As I near completion of 50 years of my flirtation with the planted tank, I look back into the past and count my blessings. December 1960 when I received my first tank a 24" 12" 15" size, glasses fitted in a fabricated galvanized iron sheet frame with common window putty and sealed with battery pitch and canopy of the same GI material; little did I know that it would wean me away from my Meccano set and give me so much enjoyment . The 60's I believe were the dark ages of the aquarium hobby when myths and not logic abounded and found place in the awful books written about the hobby. Then it was those kinds of books that were all that I had to rely upon on the start of my journey.
I don?t remember now how many days the two pairs of fishes, black molly and red sword tail, which were received along with that tank, survived; knowing what I know now it could not have been for long, but long enough to whet my appetite with their beauty and to challenge me to find a way to make fishes survive.
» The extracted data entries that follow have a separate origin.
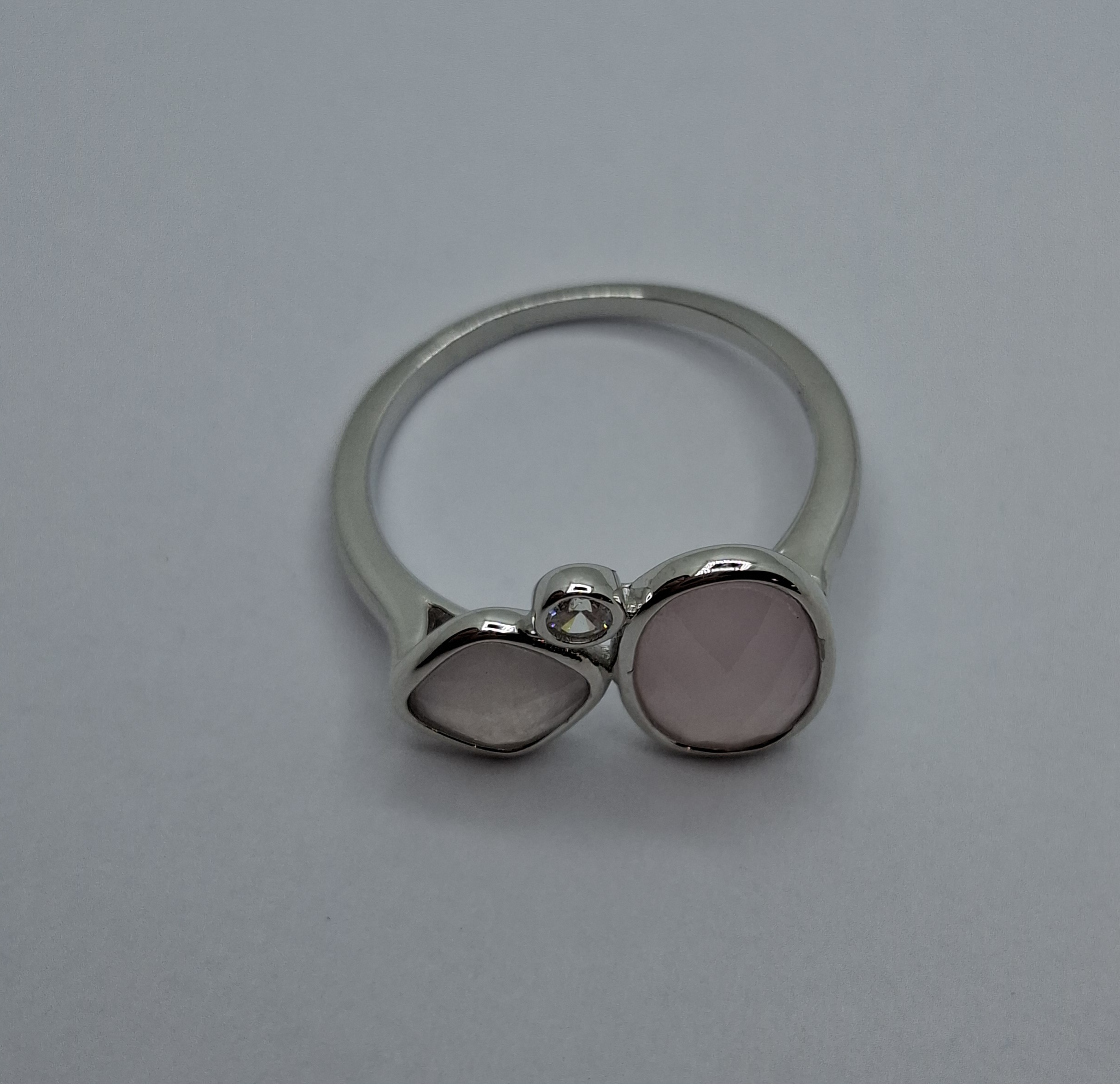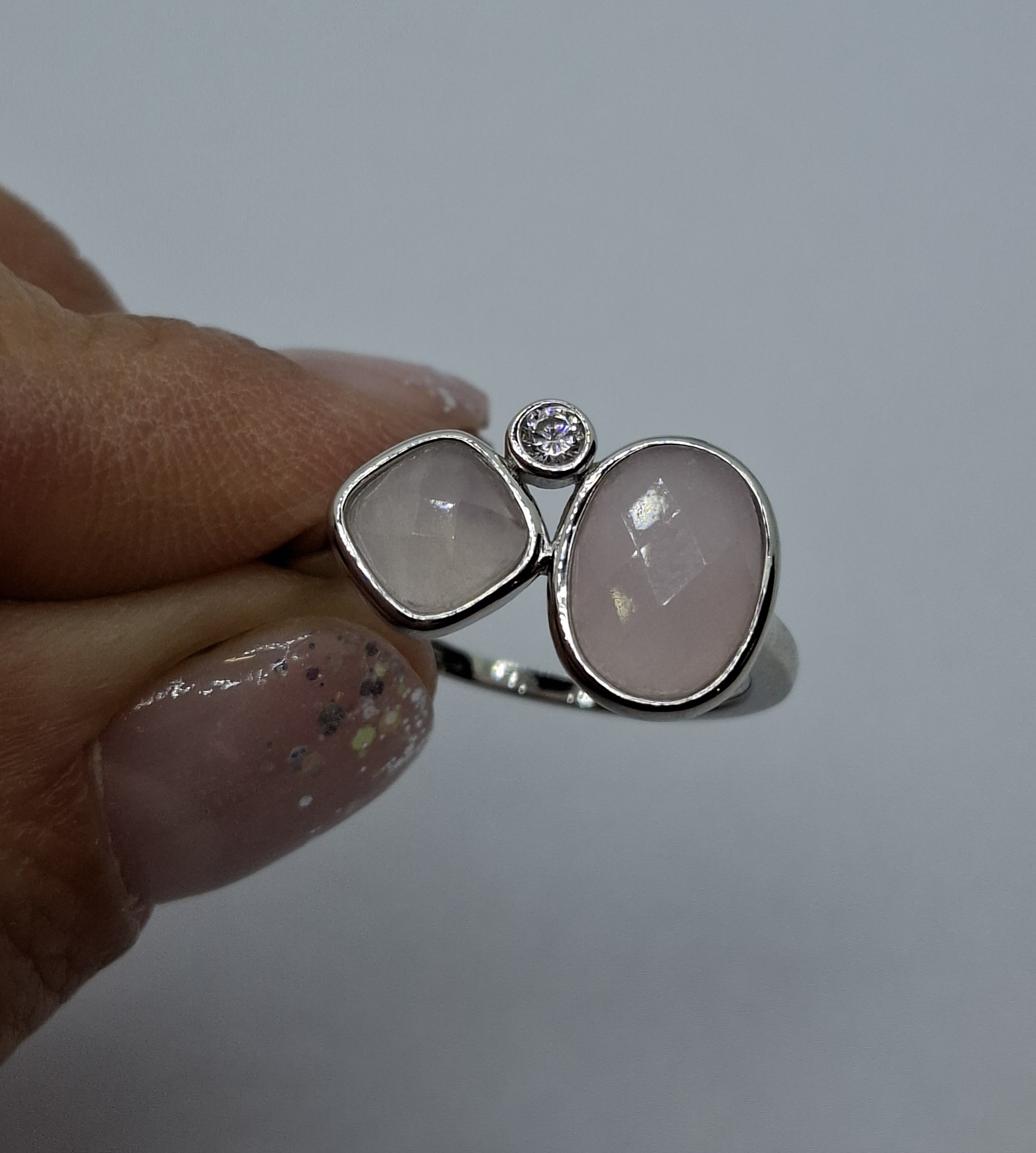 Ezüst női gyűrű, 2 rózsakvarc kövekkel. az egyik rózsakvarc ovál:10X7mm, a másik kockás:6mmX6mm. mellette:2mm cirkónia kővel. Gyűrű mérete:58, súlya:3gr, 925 ezr. ezüst.
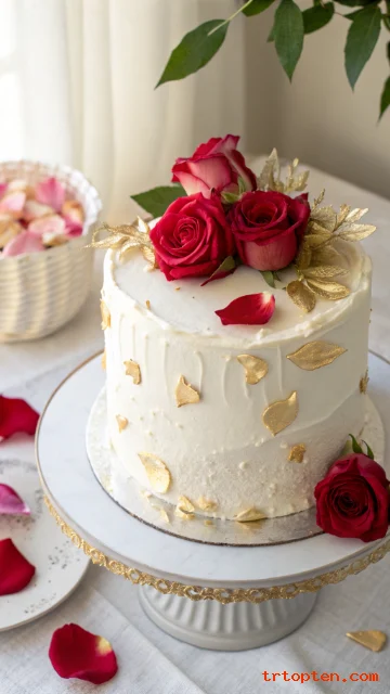Add a thin gold leaf touch for an elegant finish. Use food-safe petals and keep the design simple.
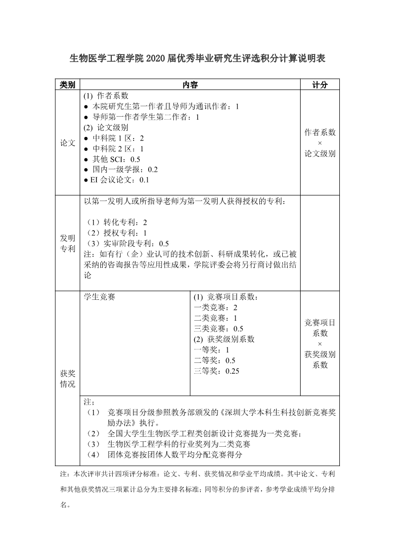 生物医学工程学院2020届优秀毕业研究生评选积分计算说明表
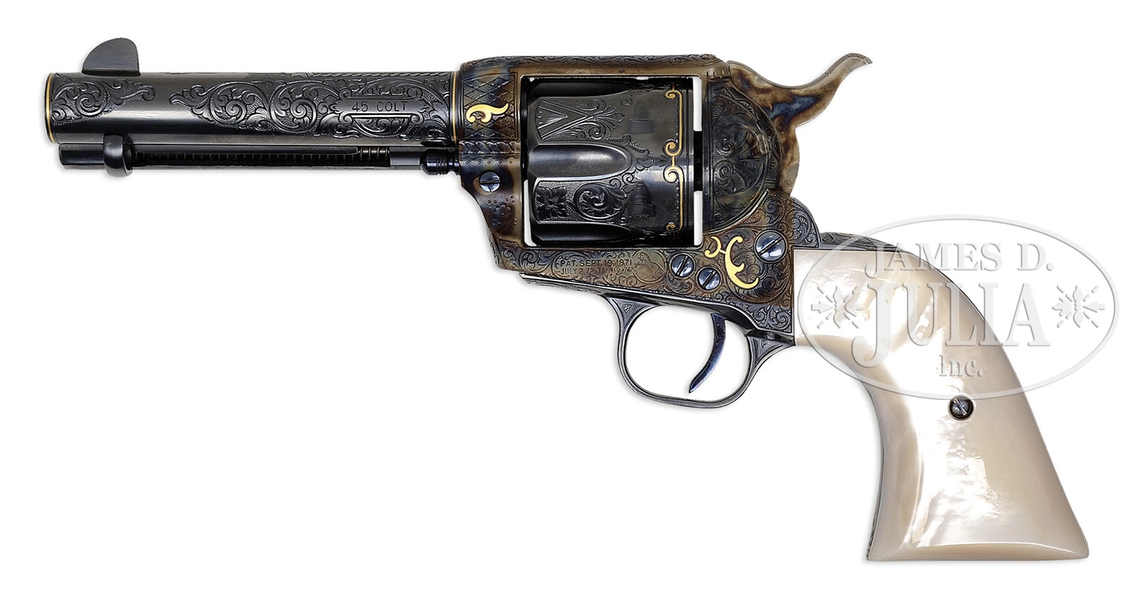 SN 2563AM. Cal. 45 Colt. Blue & color case hardened with 4-3/4″ bbl, relocated front sight and 2-line address with cal marking on left side. Left side of frame has 2-line, 3-patnet dates and Rampant Colt. Left side of front & back straps, under the grip, has matching serial number. Right side of front & back straps have the assembly number “264”. Front face of cyl around the bushing hole has last three digits of matching serial number. Bottom of bbl, under ejector housing, is marked “B.G.L.-11/01”, the initials of master engraver, Ben G. Lane and what is apparently the date he engraved this revolver. Mounted with an unusual, modern, 1-pc pearl grip made to resemble an orig Colt 1-pc grip, consisting of 2 slabs of pearl attached to a wood spacer block. This grip additionally has a screw in the left side simply threaded into the wood block and has a slightly raised carved Mexican eagle on the right side. Revolver is wonderfully engraved by Mr. Lane to duplicate a Single Action Revolver. Formerly owned by Sheriff Jefferson Farr of Walsonburg, CO, serial number 256058, which appeared on the cover of the fall 1995 issue of The Texas Gun Collector, the publication of the Texas Gun Collectors Association. Pages 16-17 had a short article from the editor about this revolver with three additional photographs. A note with this revolver indicates that Mr. Lane was commissioned to create this copy from a revolver with 7-1/2″ bbl. Mr. Lane reduced the bbl to its current length, relocated the front sight and engraved it. The grip was created by Raj Singh and it was finished by Doug Turnbull Restorations. This revolver is engraved in Cuno Helfricht style with full coverage, foliate arabesque patterns on the frame, shell patterns on the recoil shield and loading gate with foliate arabesque patterns extending up each side of the bbl and at the muzzle. It also has geometric patterns on top of the bbl. Both sides of the frame are inlaid with flush gold arabesque patterns and there is a narrow gold band around each end of the bbl. Backstrap is engraved to match with an elaborate fan pattern at the top that also has flush gold wire worked into the pattern. Cyl is engraved to match with gold wire decoration around the rear edge. Trigger plate is engraved “BL” intertwined, the initials of the engraver. Accompanied by a copy of the referenced magazine and a target shot by this revolver. CONDITION: Extremely fine plus. Has been fired, as noted. Overall retains virtually all of its crisp factory style finish with bright blues and brilliant case colors; grip is sound showing great fire. Mechanics are crisp; brilliant shiny bore. 4-50378 JR464 (6,500-9,500) – Lot 1362

Those days there were no LFS in my home town Ranchi, and the tank and fishes had been brought back from Calcutta by my parents (as they had been there, while missing my birthday). Now I was left with an empty aquarium set up in accordance to one of those awful books, perhaps a boon in disguise. The tank was not only deserted but also looked like a patch of desert with its washed sand substrate.
Situated under the switch-board in the room and located directly opposite to the door opening Eastwards onto the open courtyard; the tank received enough indirect sun reflected from the floor of the room during the better half of the day. The lone incandescent 40 Watt bulb which the canopy possessed to light the tank (it had been in use only for evening viewing when the fishes were alive) being switched off. It was light enough to turn the front viewing glass a bright green. Greenery to an avid gardener! Then there were aquatic plants in the lake which I passed every day on way to school; that gave me the idea to try to grow some.
The fauna-less tank got cleaned and I scrubbed off the algae using a pad made from the wiry, woody, skeleton of a matured snake gourd (those days you did not get the plastic ones at least in my town). The tank cleaned; I planted several varieties of aquatic weeds from the wayside lake. My first planted tank had been set up.
The glass started to green again and the combat between the algae and the planted tank hobbyist found a new addition ? me. So it was scrubbing, siphoning, and spillage, every holiday trying to keep that glass clean. All this time, in spite of all the work I put into the tank, the plants after the initial flush of green growth were languishing.
The tank was in the living room of my grandfather's house where, all members of the family (my grandparents, my father's brother and his family including 4 cousins, my parents and my brother) gathered at leisure hours. After the first few weeks of tolerance to my labours ? resentment of the disturbance and ugliness that I was creating started to build up. No, none took it out on me though I was the youngest in the family but long faces of all (except my grandfather's) and their blank stares made me realize that something must give. My grandmother finally announced the verdict; the aquarium was a mistake, it was ugly, it was nuisance, it had no place in the living-room or any part of the house and should be thrown away.